Our Benchmark Choices

To make the comparison more interesting, we decided to include both the Quad Xeon "Westmere-EX" as well as the "Nehalem-EX". Remember these heavy duty, high RAS servers continue to be used for much longer in the data center than their dual socket counterparts. Many people considering the newest Xeon E7-4800 v2 probably still own a Xeon X7500.

Of course, the comparison would not be complete without the latest dual Xeon 2600 v2 server and at least one Opteron based server. Due to the large number of platforms and the fact that we developed a brand new HPC test (see further), we quickly ran out of time. These time constrains and the fact that we have neglected our Linux testing in recent reviews in favor of Windows 2012 and ESXi led to the decision to limit ourself to testing on top of Ubuntu Linux 13.10 (kernel 3.11). You'll see our typical ESXi and Windows benchmarks in a later review.

Benchmark Configuration

There are some differences in the RAM and SSD configurations. The use of different SSDs was due to time constraints as we wanted to test the servers as much as possible in parallel. The RAM configuration differences are a result of the platforms: for example, the quad Intel CPUs only perform at their best when each CPU gets eight DIMMs. The Opteron and Dual Xeon E5-2680 v2 server perform best with one DIMM per channel (1 DPC).

None of these differences have a tangible influence on the results of our benchmarks, as none of them were bottlenecked by the storage system or the amount of RAM that was used. The minimum amount of 64GB of RAM was more than enough for all benchmarks in this review.

We also did not attempt to do power measurements. We will try to do an apples-to-apples power comparison at a later time.
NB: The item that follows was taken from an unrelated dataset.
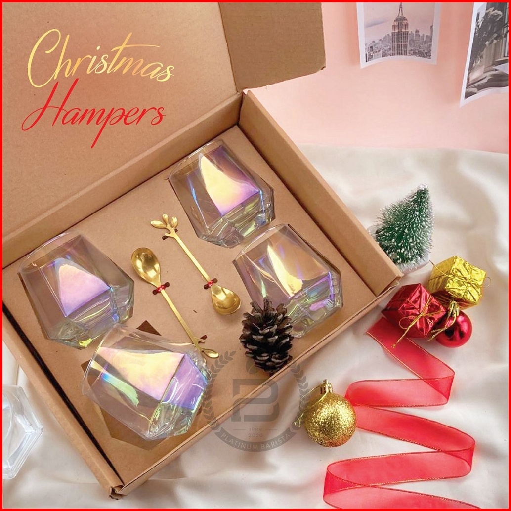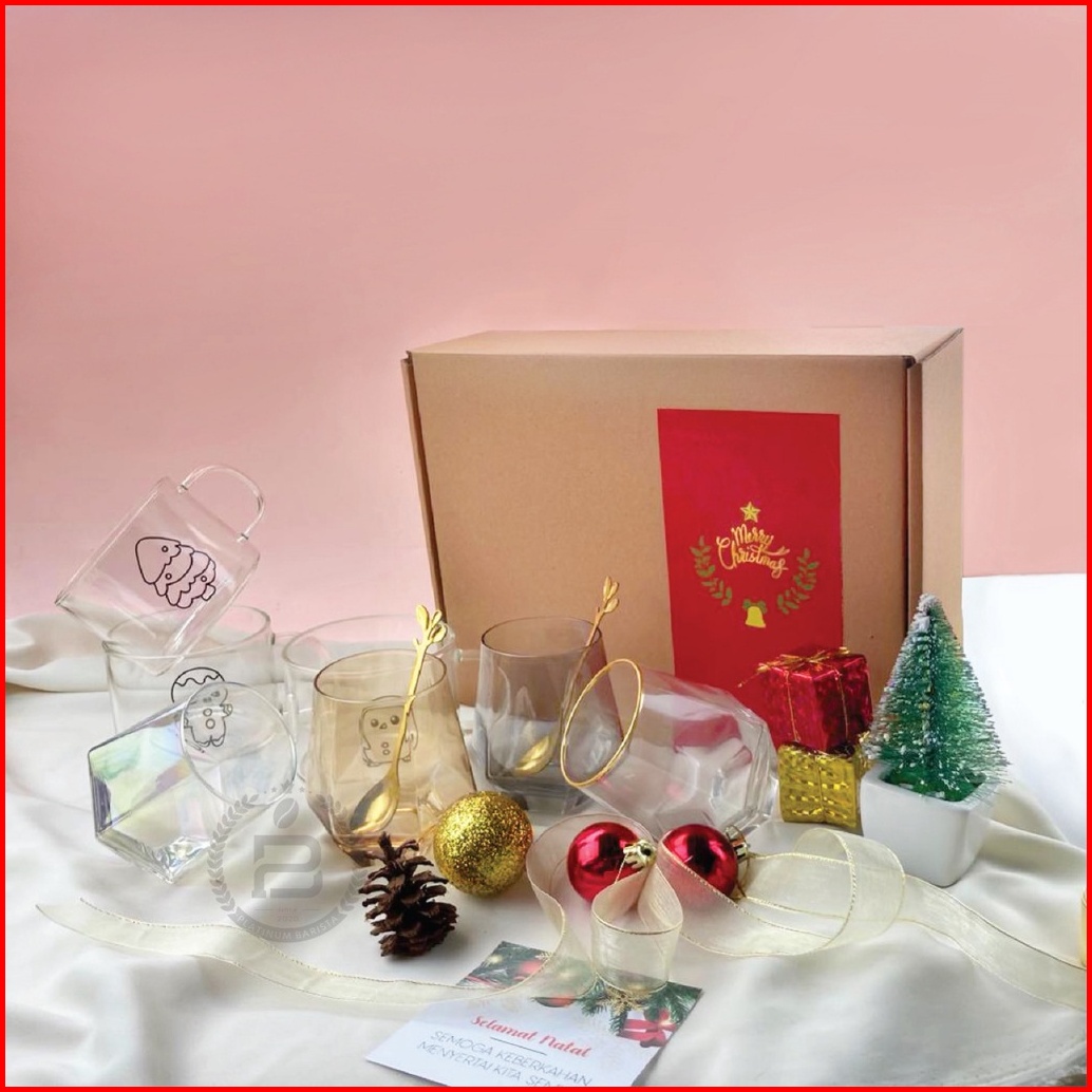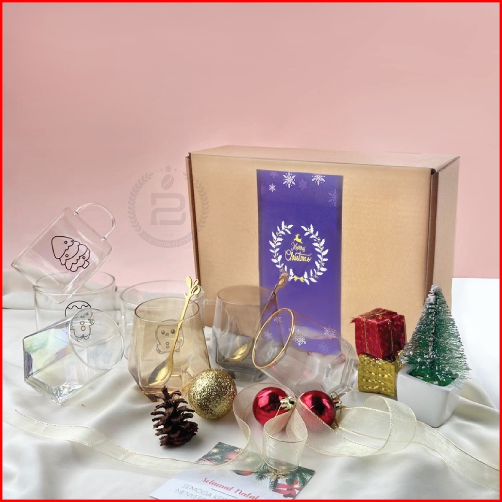 Christmas Hampers Gift Box Parcel Natal Glass Aestehtic Gelas Kaca Cantik Elegant Lucu

Intel S4TR1SY3Q "Brickland" IVT-EX 4U-server

The latest and greatest from Intel consists of the following components:

CPU 4x Xeon E7-4890 v2 (D1 stepping) 2.8GHz
15 cores, 37.5MB L3, 155W TDP
RAM 256GB, 32x8GB Samsung 8GB DDR3
M393B1K70DH0-YK0 at 1333MHz
Motherboard Intel CRB Baseboard "Thunder Ridge"
Chipset Intel C602J
PSU 2x1200W (2+0)

Total amount of DIMM slots is 96. When using 64GB LRDIMMs, this server can offer up to 6TB of RAM! In some cases, we have tested the E7-4890 v2 at a lower maximum clock in order to do clock-for-clock comparisons with the previous generation, and in a few cases we have also disabled three of the cores in order to simulate performance of some of the 12-core Ivy Bridge EX parts. For example, a E7-4890 v2 at 2.8 GHz with 3 cores disabled (12 cores total) gives you a good idea how the much less expensive E7- 8857 v2 at 3 GHz would perform: it would perform about 7% higher than the 12-core E7-4890 v2.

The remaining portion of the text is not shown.